> _Directions_:
Begin at the line containing "四川省足協(xié)今日對(duì)外公" in the entries below and end at the line containing "42nd Street &"; transcribe that range exactly and nothing outside it.
--- Dataset content ---
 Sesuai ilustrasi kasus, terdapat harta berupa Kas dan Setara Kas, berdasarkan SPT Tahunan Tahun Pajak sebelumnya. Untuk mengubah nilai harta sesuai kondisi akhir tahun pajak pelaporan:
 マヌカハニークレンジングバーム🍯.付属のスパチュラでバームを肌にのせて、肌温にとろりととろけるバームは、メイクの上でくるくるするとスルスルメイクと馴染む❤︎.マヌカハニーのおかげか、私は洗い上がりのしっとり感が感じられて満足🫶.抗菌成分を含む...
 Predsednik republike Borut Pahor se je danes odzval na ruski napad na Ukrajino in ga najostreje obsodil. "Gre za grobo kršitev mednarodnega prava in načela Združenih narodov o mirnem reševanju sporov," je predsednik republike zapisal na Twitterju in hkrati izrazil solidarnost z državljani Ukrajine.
---
--- Dataset content ---
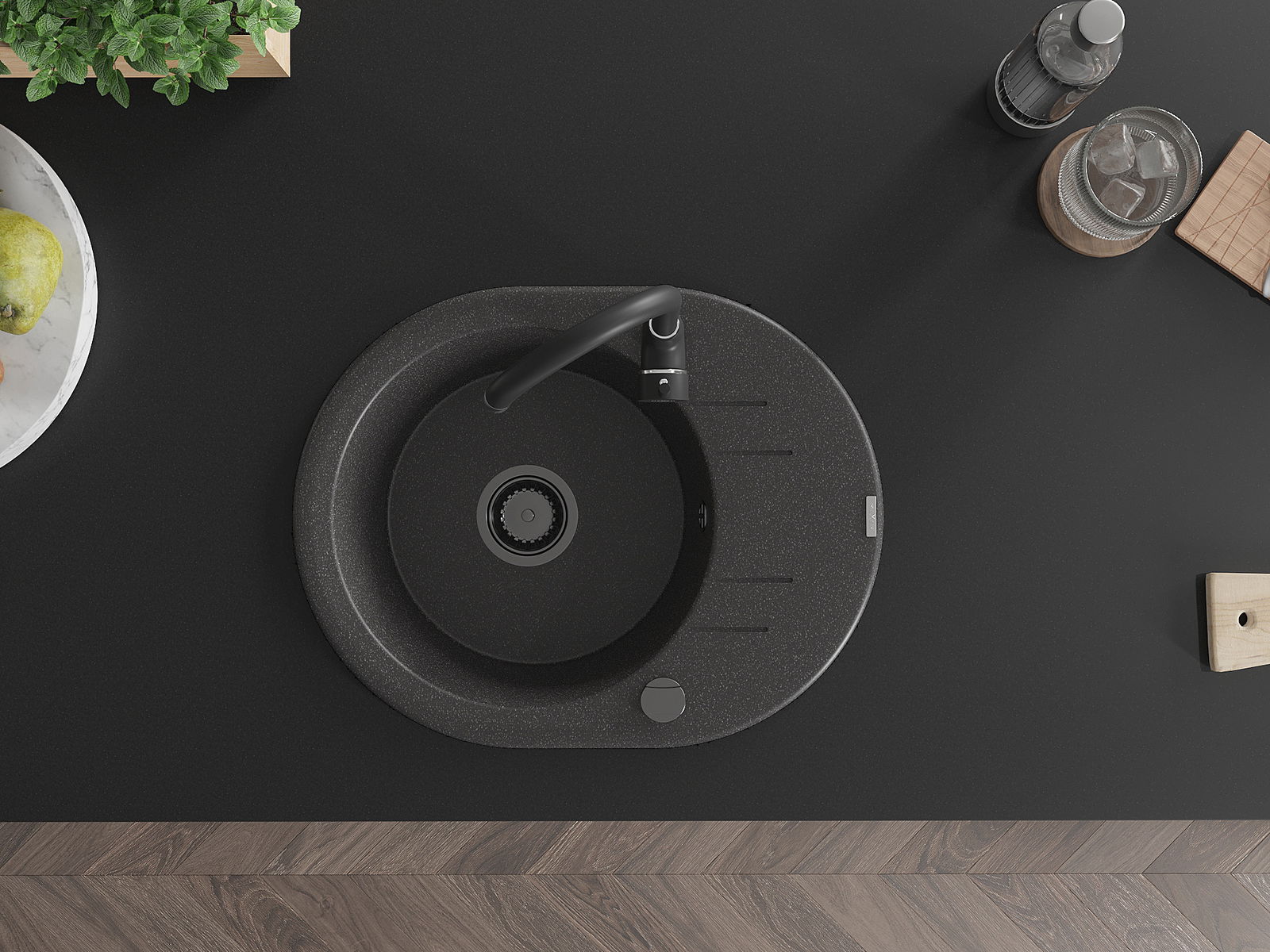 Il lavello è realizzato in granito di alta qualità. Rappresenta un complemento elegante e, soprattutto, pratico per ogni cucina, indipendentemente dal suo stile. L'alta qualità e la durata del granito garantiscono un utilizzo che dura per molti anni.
---
--- Dataset content ---
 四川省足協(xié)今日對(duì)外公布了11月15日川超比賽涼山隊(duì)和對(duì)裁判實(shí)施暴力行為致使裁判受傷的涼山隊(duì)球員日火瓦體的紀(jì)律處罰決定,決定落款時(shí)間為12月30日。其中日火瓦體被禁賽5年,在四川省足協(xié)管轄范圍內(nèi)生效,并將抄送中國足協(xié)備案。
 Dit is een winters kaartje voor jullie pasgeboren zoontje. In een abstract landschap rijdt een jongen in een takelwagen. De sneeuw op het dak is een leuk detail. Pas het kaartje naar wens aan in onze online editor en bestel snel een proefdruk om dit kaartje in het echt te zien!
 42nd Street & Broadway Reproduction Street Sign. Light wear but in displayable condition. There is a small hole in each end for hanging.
---
> _Reply to the task_:
 四川省足協(xié)今日對(duì)外公布了11月15日川超比賽涼山隊(duì)和對(duì)裁判實(shí)施暴力行為致使裁判受傷的涼山隊(duì)球員日火瓦體的紀(jì)律處罰決定,決定落款時(shí)間為12月30日。其中日火瓦體被禁賽5年,在四川省足協(xié)管轄范圍內(nèi)生效,并將抄送中國足協(xié)備案。
 Dit is een winters kaartje voor jullie pasgeboren zoontje. In een abstract landschap rijdt een jongen in een takelwagen. De sneeuw op het dak is een leuk detail. Pas het kaartje naar wens aan in onze online editor en bestel snel een proefdruk om dit kaartje in het echt te zien!
 42nd Street & Broadway Reproduction Street Sign. Light wear but in displayable condition. There is a small hole in each end for hanging.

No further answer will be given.